The bank says up to a dozen customers a day have come in for help since a trial version of the service was launched two weeks ago. The programme will be extended to all branches from today. Similar programmes exist at other banks such as HSBC, which recently launched a free debt-counseling service, giving confidential advice about money worries. Mashreq hopes its move will prevent customers from panicking and taking drastic measures.

Niranjan Mendonca, the head of retail assets at Mashreq, said the initial response had been encouraging. The most common scenarios, he said, were customers who had been forced to take a pay cut and could no longer balance repayments with their living expenses.
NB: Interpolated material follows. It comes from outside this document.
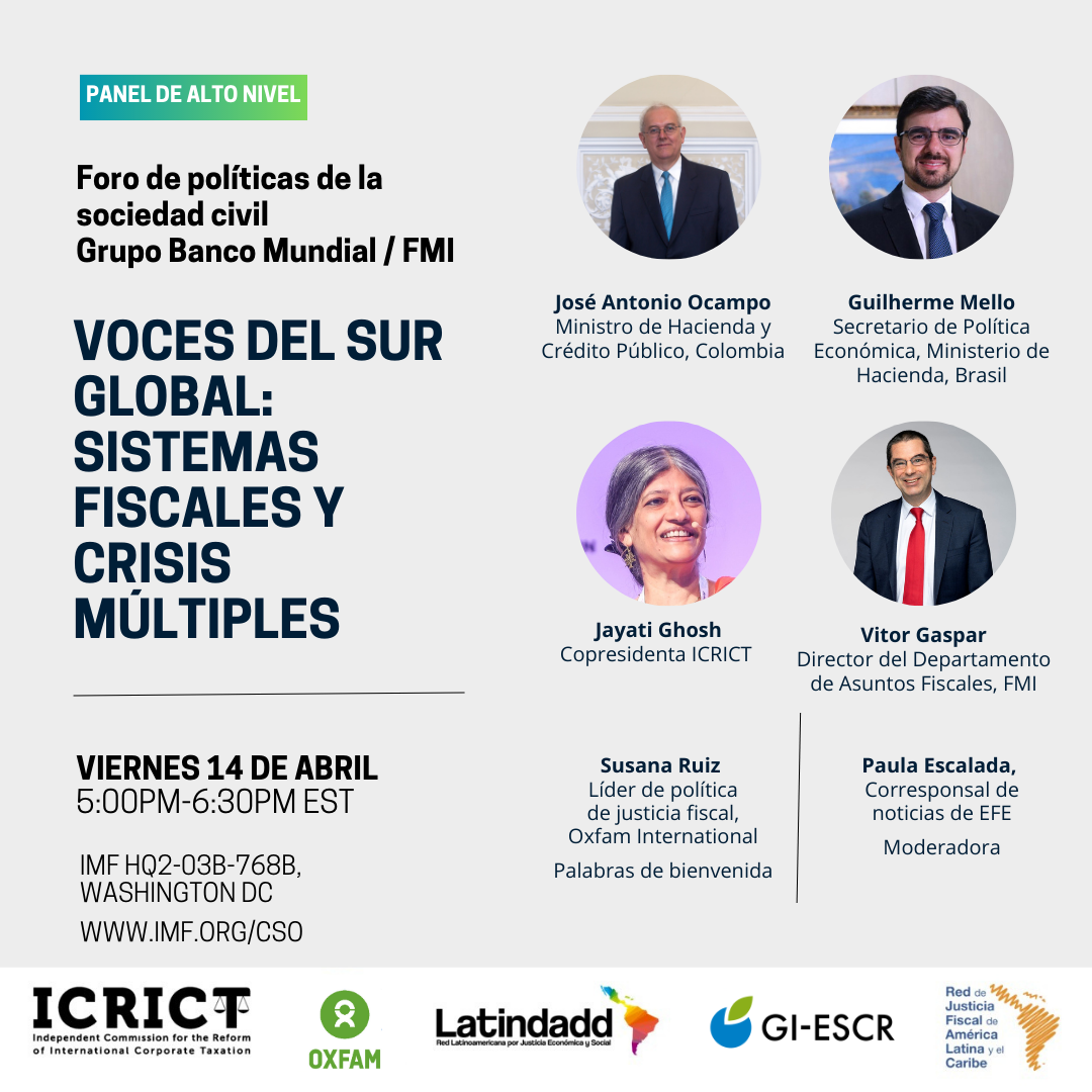 El pasado viernes 14 de abril de 2023, GIESCR estuvo presente en el panel de alto nivel “Voces del Sur Global: sistemas fiscales y crisis múltiples”, en el marco de las Reuniones Anuales de primavera del Banco Mundial y el FMI.

Other common struggles involve property investors hit by the downturn and those made redundant who were still awaiting pay-offs. "Whenever we give a loan or credit card we make sure that only 50 or 60 per cent of their income can be used to service borrowing and the rest for living expenses.

"But with the decline, that 60 per cent may become 80 per cent and that means he cannot pay his children's school fees, or Salik, or meet rental obligations." In such cases the bank will look at spreading payments over a longer period so basic needs may be met and instalments honoured. He said that if people act quickly when they get into trouble, it is easier to reorganise their obligations. An Australian expatriate, who did not wish to be named, said more should be done to prevent others going through the legal battle he is facing to release his end-of-service payment, which has been frozen in his account for several months.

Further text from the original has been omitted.